Treatment delays and dose modification were based on the worst adverse effects observed during the previous cycle. In case of grade 2 neutropenia or grade 2 thrombocytopenia the treatment with docetaxel was held until resolution of the toxicity to grade 1/0 without dose reduction. For patients who experienced grade 4 thrombocytopenia the dose of docetaxel was reduced by 25%.
For febrile neutropenia or documented infection a treatment with G-CSF was started with no dose reduction after the first episode; if the patients experienced for the second time a febrile neutropenia, despite the use of G-CSF, the dose of docetaxel was reduced by 25% and another reduction by 25% was considered after the third episode of febrile neutropenia. At the fourth episode of febrile neutropenia the patients were removed from the study.

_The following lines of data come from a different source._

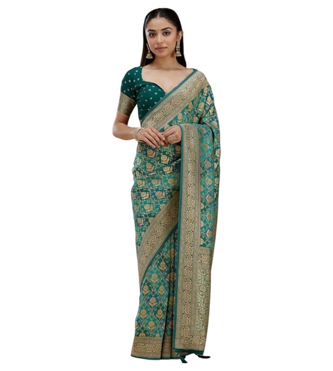 Sage Green Johari Bazaar Classic Tissue Silk Saree With Blouse
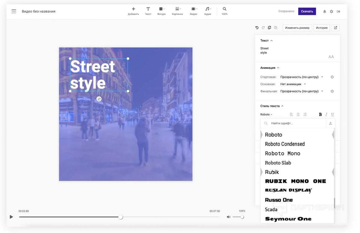 Из интересного — можно изменять размер, стиль и цвет шрифта. Также программа позволяет добавлять тень буквам и анимировать их. Выбор состоит из «стартовой», «основной» и «финальной» в соответствии с временными границами.
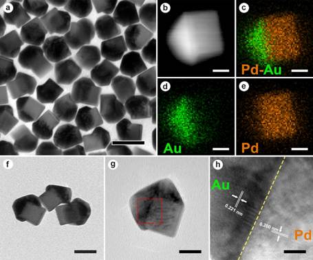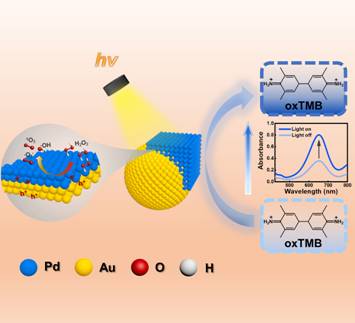 袁亚利教授研究团队以具有明确异质界面的Pd-Au异质纳米颗粒(Pd-Au dimers)为模型体系,研究了等离激元效应在可见光照射下对纳米酶活性的影响。通过实验研究在可见光(515-700 nm、44.5 mW/cm2)光照下,基于Pd-Au dimers的LSPR效应,其催化活性增强,紫外吸光度相较于无光照时增加了0.45,并与Pd纳米立方体与Au纳米粒子相比,Pd-Au dimers催化活性的增强幅度最大。同时,对催化机理进行研究,结果表明了当光被Pd-Au dimers吸收时,产生的电子-空穴对比局域热效应起了更为重要的作用,即热电子从Au转移到Pd后,进一步提高了该材料的催化效率。研究中还发现了纳米酶中的等离激元效应可以有效地驱动H2O2的分解反应,产生了更丰富的ROS中间体(·OH、·O2-和1O2)。最后,将具有过氧化物活性的Pd-Au dimers应用于比色分析,成功建立了基于等离激元效应增强检测ALP的比色方法。
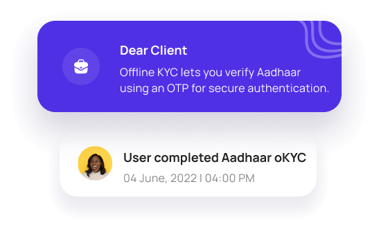 Notify users instantly about their verification status. If needed, request additional details to complete authentication and prevent verification failures.
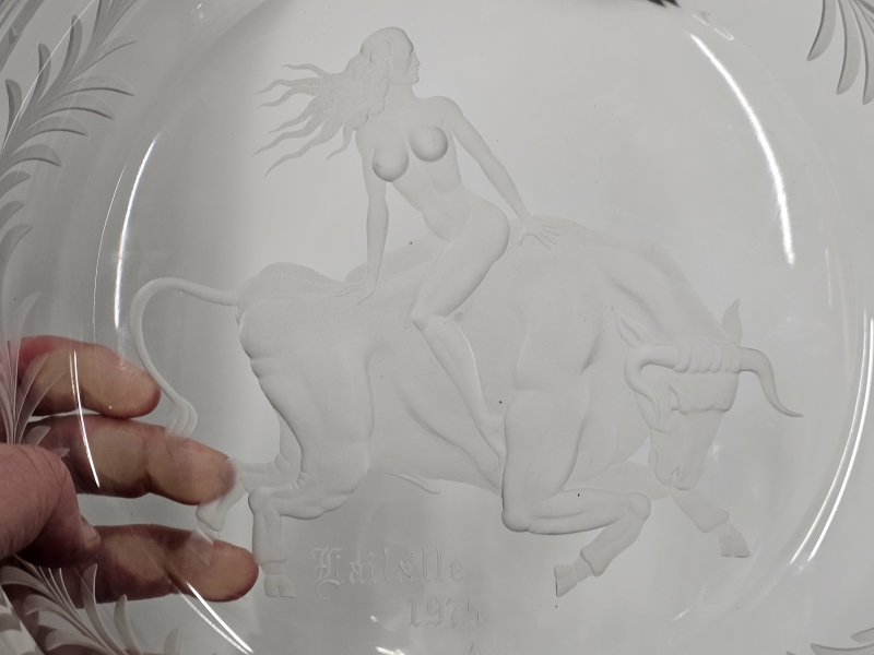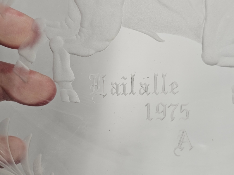 #118 Matti Okkolin, hienosti kaiverrettu taidelasimalja v. 1975
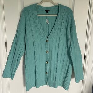 Talbots Green Cable Knit V-Neck Button Front Cardigan Sweater Size XL
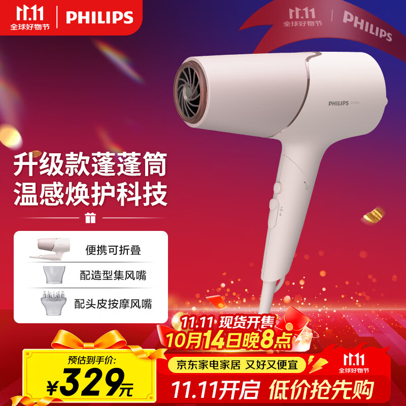 飞利浦(PHILIPS)电吹风机负离子5系Pro 蓬蓬筒 温感焕护4千万负离子 大功率大风速干 柔漾粉 生日礼物

For grade 3 cutaneous reactions docetaxel was stopped for one week or until resolution to grade 1 with a dose reduction of 25%, if the toxicities failed to resolve after holding treatment for 2 weeks or in case of grade 4 cutaneous reactions the patients were withdrawn form the study.

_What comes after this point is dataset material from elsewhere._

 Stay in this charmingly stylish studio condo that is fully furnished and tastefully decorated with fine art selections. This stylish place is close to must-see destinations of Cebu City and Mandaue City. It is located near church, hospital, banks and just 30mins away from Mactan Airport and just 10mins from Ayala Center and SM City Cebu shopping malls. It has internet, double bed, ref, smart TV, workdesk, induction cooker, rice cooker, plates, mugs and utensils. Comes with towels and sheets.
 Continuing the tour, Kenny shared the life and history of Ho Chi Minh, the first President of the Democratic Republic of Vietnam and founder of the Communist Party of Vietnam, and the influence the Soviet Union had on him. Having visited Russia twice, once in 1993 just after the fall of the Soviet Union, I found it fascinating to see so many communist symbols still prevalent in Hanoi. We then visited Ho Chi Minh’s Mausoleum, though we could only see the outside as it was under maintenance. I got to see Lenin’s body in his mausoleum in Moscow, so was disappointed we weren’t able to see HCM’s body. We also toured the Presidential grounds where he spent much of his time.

For grade 3 diarrhea and/or a first episode of grade 4 diarrhea which were not controlled by using the standard schedules of loperamide the treatment was stopped and docetaxel was reinstituted at a lower dose reduced by 25%. In case of recurrent grade 4 diarrhea, who were those patients removed from the study.
In patients developing grade 23 liver dysfunction docetaxel was held and started again at a lower dose of 75%.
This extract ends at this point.